Grève du port autonome de Lomé en juin 2026 : les agents réclament justice sociale

Les agents du Port autonome de Lomé s’apprêtent à marquer l’histoire sociale du Togo avec un arrêt de travail de trois jours, programmé du 25 au 27 juin 2026. Cette mobilisation, décidée après des mois de discussions infructueuses, vise à faire entendre leurs revendications salariales et professionnelles, jugées urgentes et légitimes.

Des conditions de travail jugées intolérables

Depuis plusieurs années, les dockers et autres salariés du port expriment leur mécontentement face à des conditions de travail dégradées. Entre des salaires jugés dérisoires, un accès limité aux soins en cas d’accident, et des équipements de sécurité souvent absents, la colère ne cesse de monter. Malgré des réunions régulières avec la direction, aucune solution concrète n’a été apportée, poussant les syndicats à franchir une étape décisive.

Ce port, véritable poumon économique du pays, emploie plus de 3 000 personnes.
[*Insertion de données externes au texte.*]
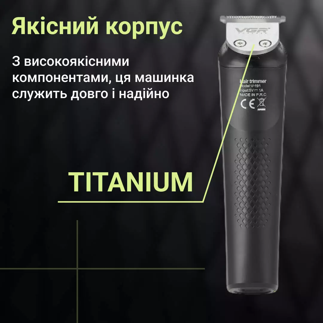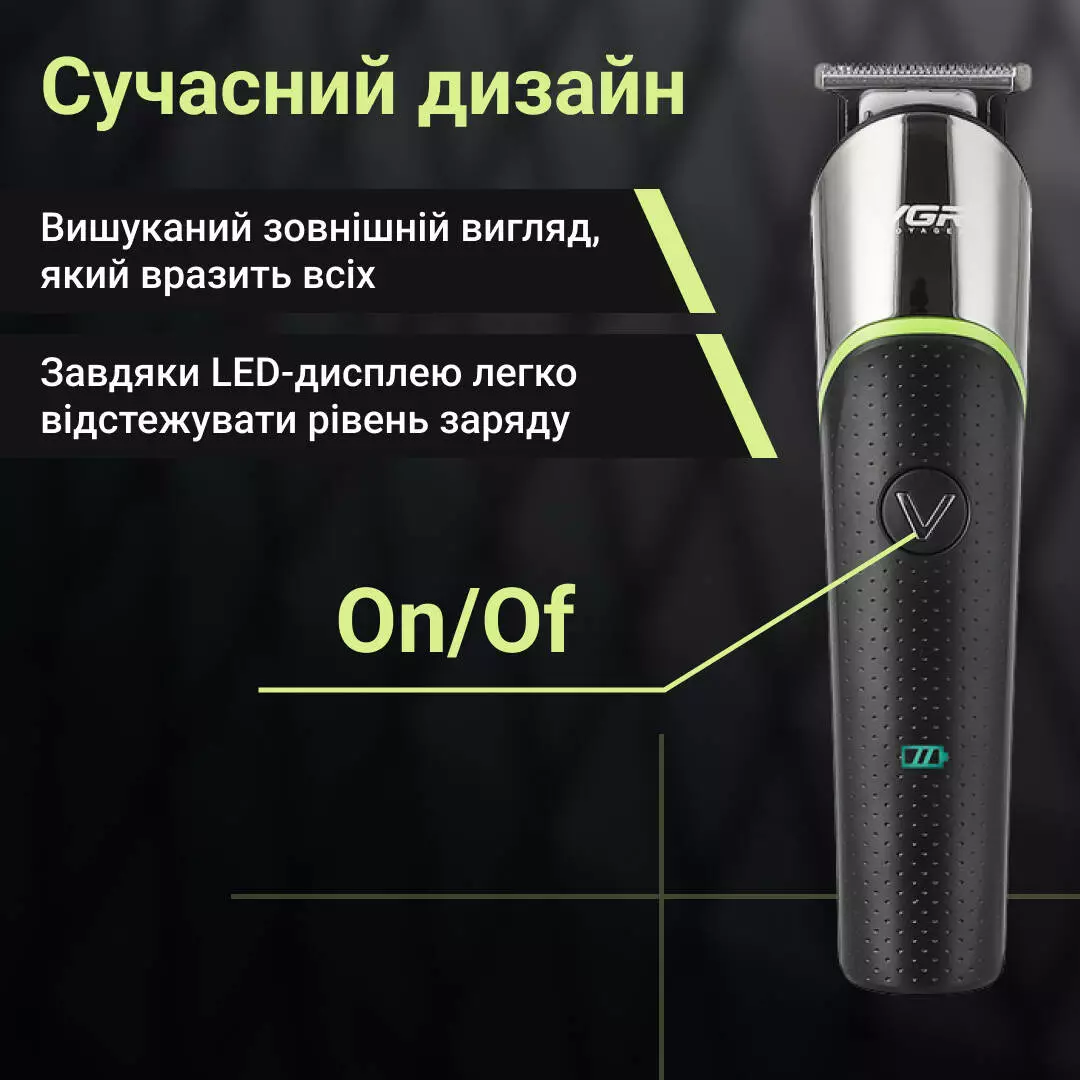 Тример для волосся та бороди VGR V-191 акумуляторний з насадками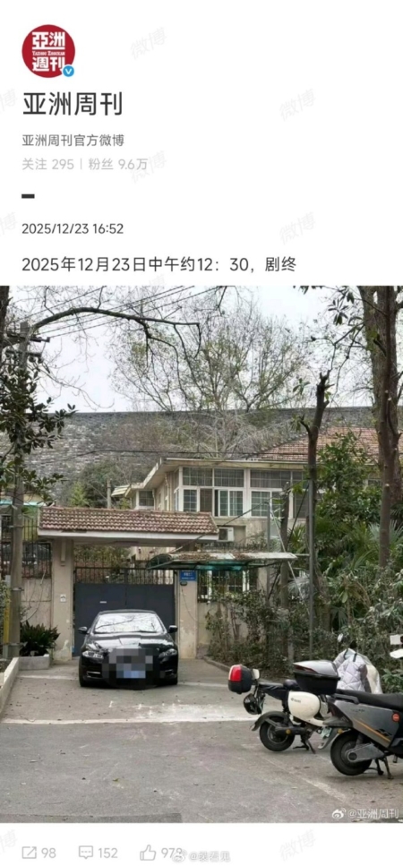 “扎西德勒‧天珠收藏”说,“事实上,《亚洲周刊》早在12月23日下午近5点时,就已发布过一条耐人寻味的微博。这条微博配文‘2025年12月23日中午约12:30,剧终’,并附上了一张徐湖平别墅的照片。值得关注的是,这套别墅距离南京博物院非常近,且本身还是一处受国家保护的文物建筑。照片中,别墅门前停放着一辆黑色小轿车,这张图片与简短的配文当时便引发了网友的诸多猜测,有人推测这辆车是政府部门的办案车辆,也有不少人疑惑,难道是徐湖平因身体原因被送往医院?如今结合邻居的爆料来看,这场‘剧终’所指向的,显然是调查行动的正式启动。”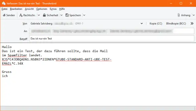 So könnte die kurze Testmail aussehen. Der Zeilenumbruch in der Zeile mit dem Testcode ist nur im Ansichtsfenster und wurde vom Mailprogramm selbst eingefügt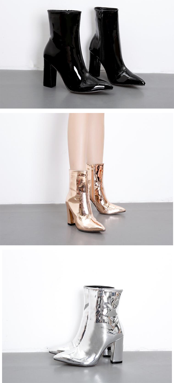 ◆チャンキーヒール9cmのレディースエナメルショートブーツです。

Leur arrêt de travail ne perturbera pas seulement leurs conditions de vie, mais aussi l’activité économique nationale.

Une liste de doléances précise et non négociable

Le syndicat a dressé un catalogue de revendications détaillées, reflétant les frustrations accumulées. Parmi les principales demandes figurent l’instauration d’un statut commun pour l’ensemble du personnel, le respect strict des temps de pause et des congés, ainsi que la régularisation des pointeurs assimilés aux dockers.
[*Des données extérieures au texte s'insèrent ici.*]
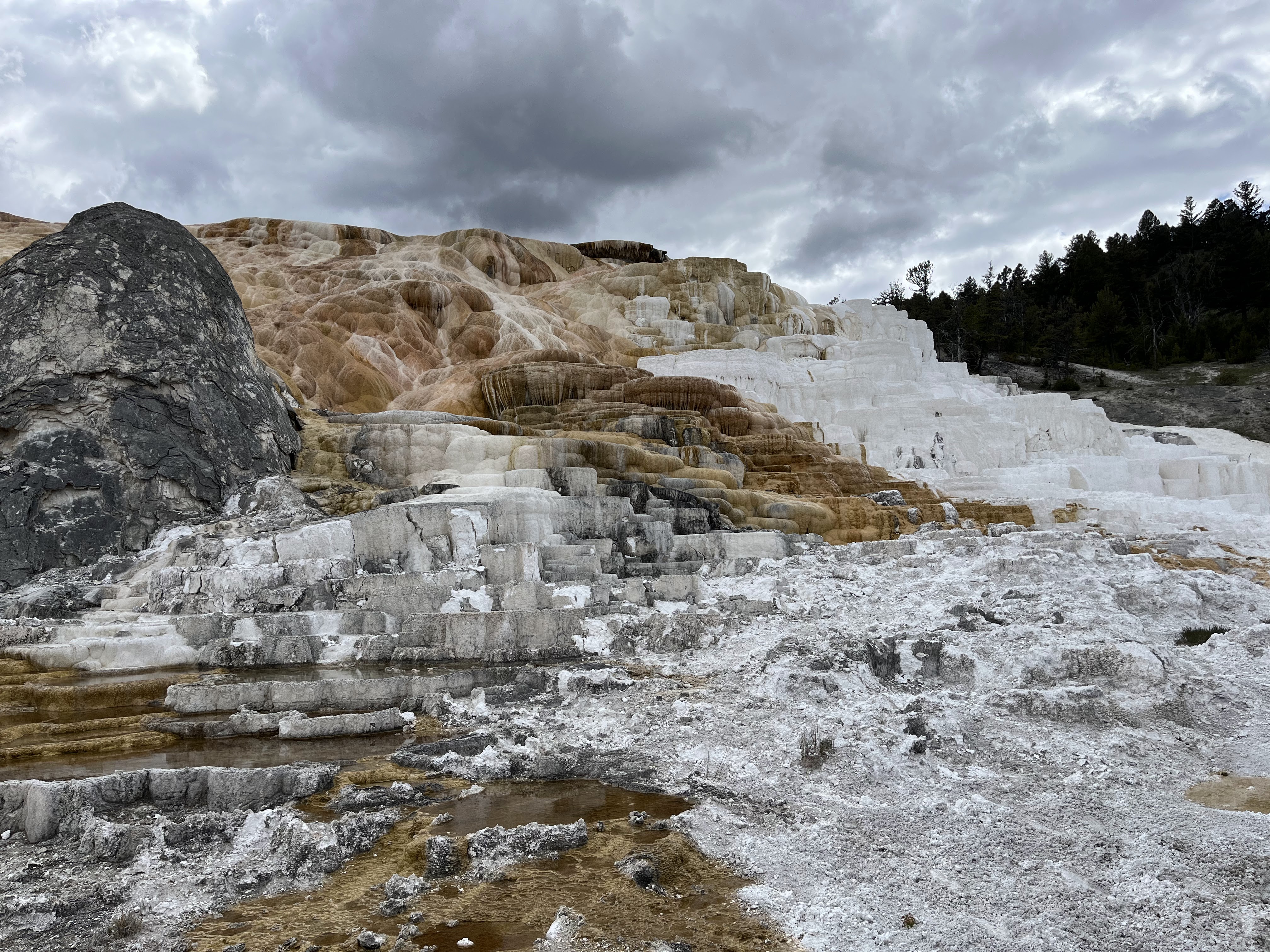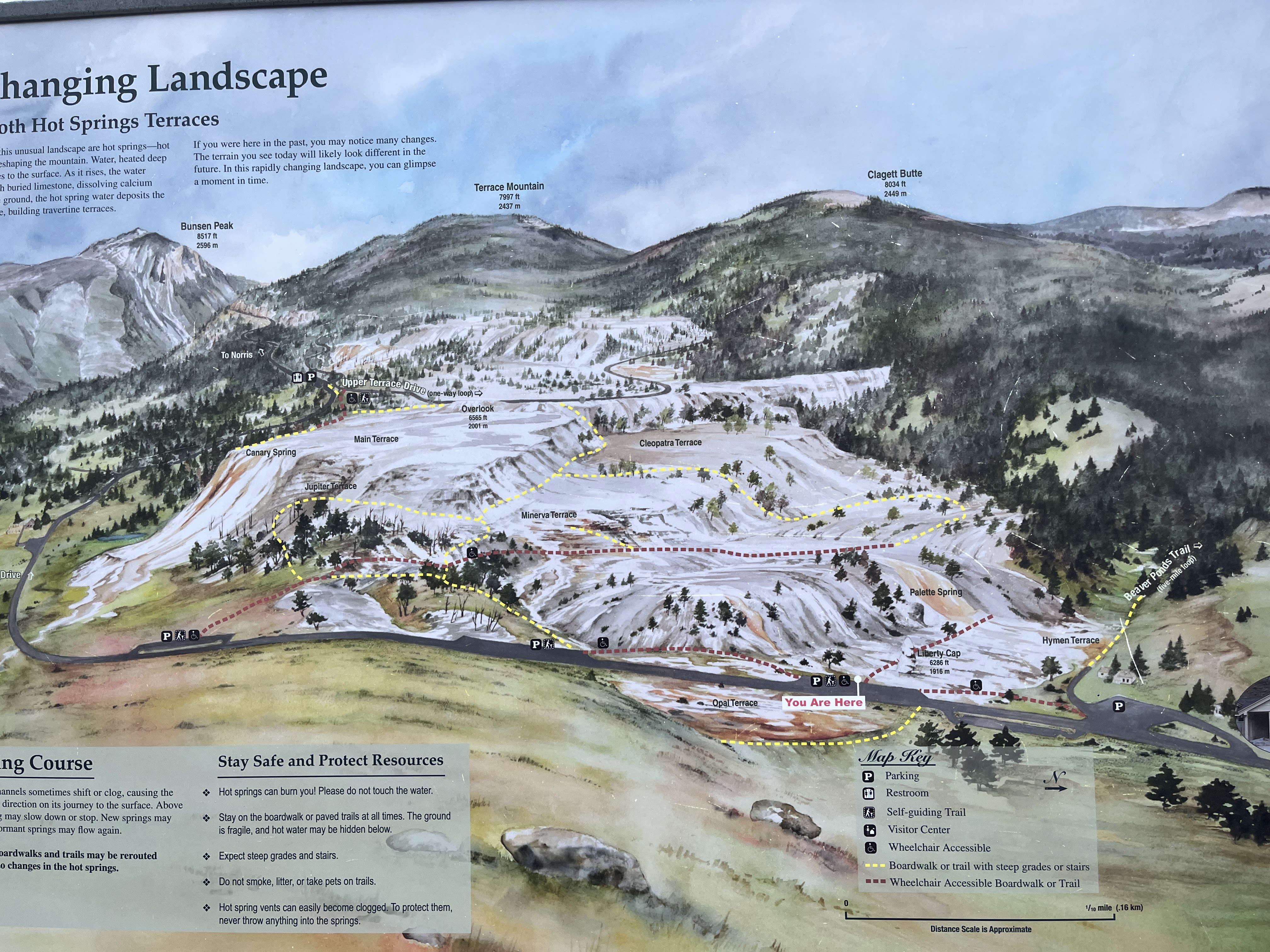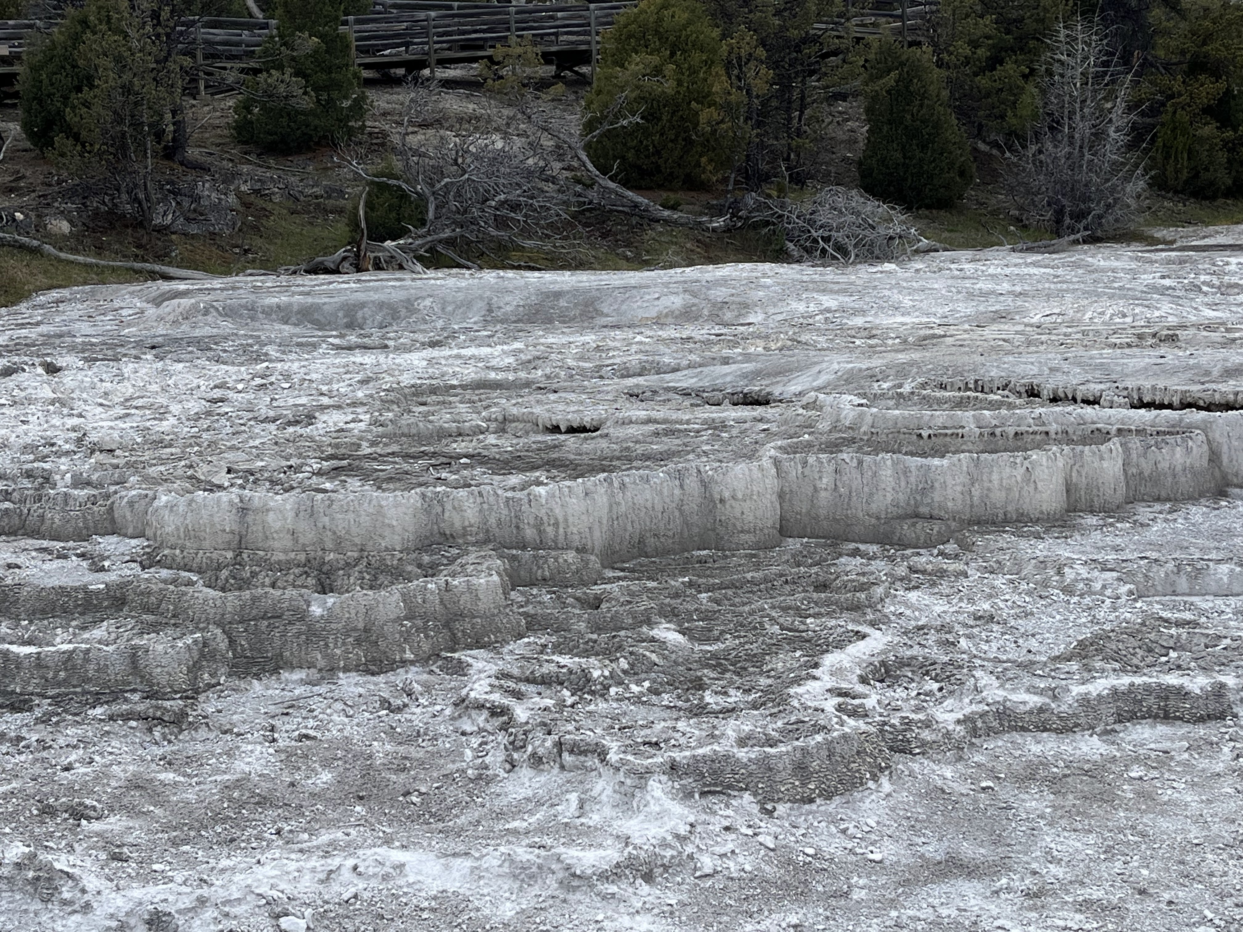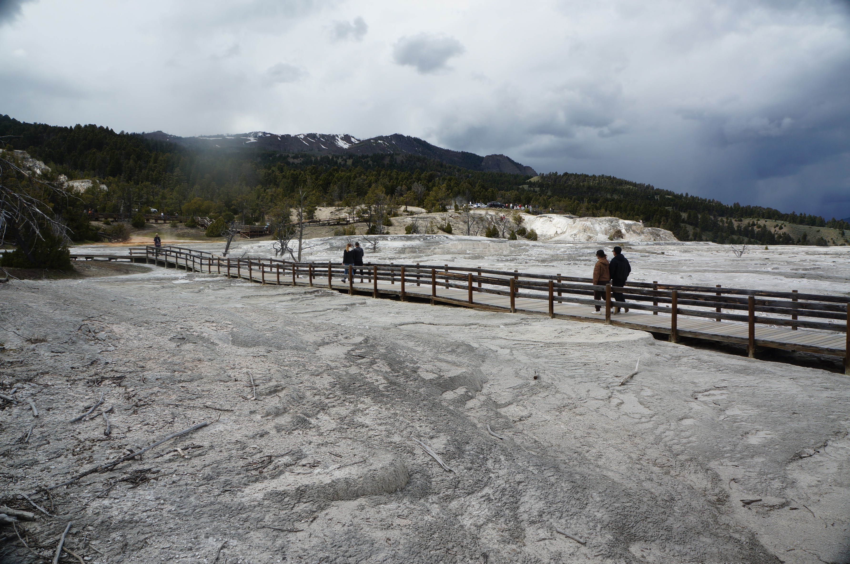 נקודת הביקור האחרונה שלנו ליום זה היתה במאמות׳ הוט ספרינגס Mammoth Hot Springs בכניסה הצפונית של הפארק. עוד יעד של נופים בלתי הגיוניים של בריכות רותחות ומשקעים שהפכו לטראסות מרשימות בצבעים בין לבן בוהק לכתום חלודה. התחלנו בלופ העליון, חנינו ועשינו מסלול הליכה סביב הטרסות העליונות, השלמנו את הלופ בנהיגה וירדנו לאיזור הטרסות התחתונות. הלופ הוא חד כיווני אז אם ראיתם משהו יפה, תעצרו. לא היה לי כוח לעלות במדרגות הרבות של מסלול ההליכה בטרסות התחתונות אז רק התרשמנו מ Liberty Cap – העמוד שאי אפשר לפספס ו-Palette Spring היפיפה שנמצאים בגובה החניה. למטיבי לכת עם זמן פנוי יש מסלול הליכה בטבע של 5.5 מייל (9 ק"מ) שאמור להיות מאד יפה בשם Beaver Pond Trail.

Les agents réclament également le paiement intégral des heures supplémentaires, l’affiliation systématique des dockers occasionnels à la Caisse nationale de sécurité sociale, et l’octroi de primes spécifiques liées à la nature salissante ou physique du travail. Ils exigent enfin une transparence totale sur les classifications professionnelles et les avantages associés, avec une mention claire sur les bulletins de paie.
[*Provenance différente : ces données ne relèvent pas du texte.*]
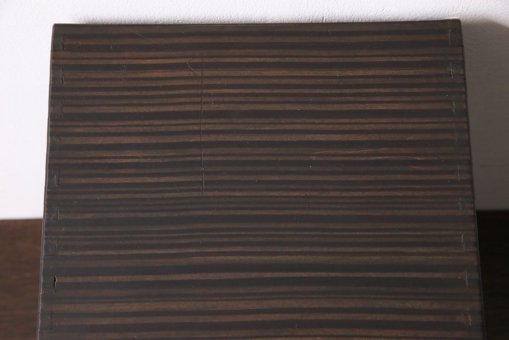 昭和初期 黒檀 味わい深い模様張りの小引き出し(引き出し)です。

Une grève encadrée mais déterminée

Les organisateurs du mouvement ont appelé à un arrêt total des activités pendant trois jours. Chaque agent reste libre de décider de sa participation, conformément au droit de grève. Cette mobilisation survient dans un contexte déjà fragile pour le port, confronté à des défis financiers majeurs. Pour la direction, l’enjeu est double : trouver une issue rapide à ce conflit et préserver la stabilité d’un secteur clé pour l’économie.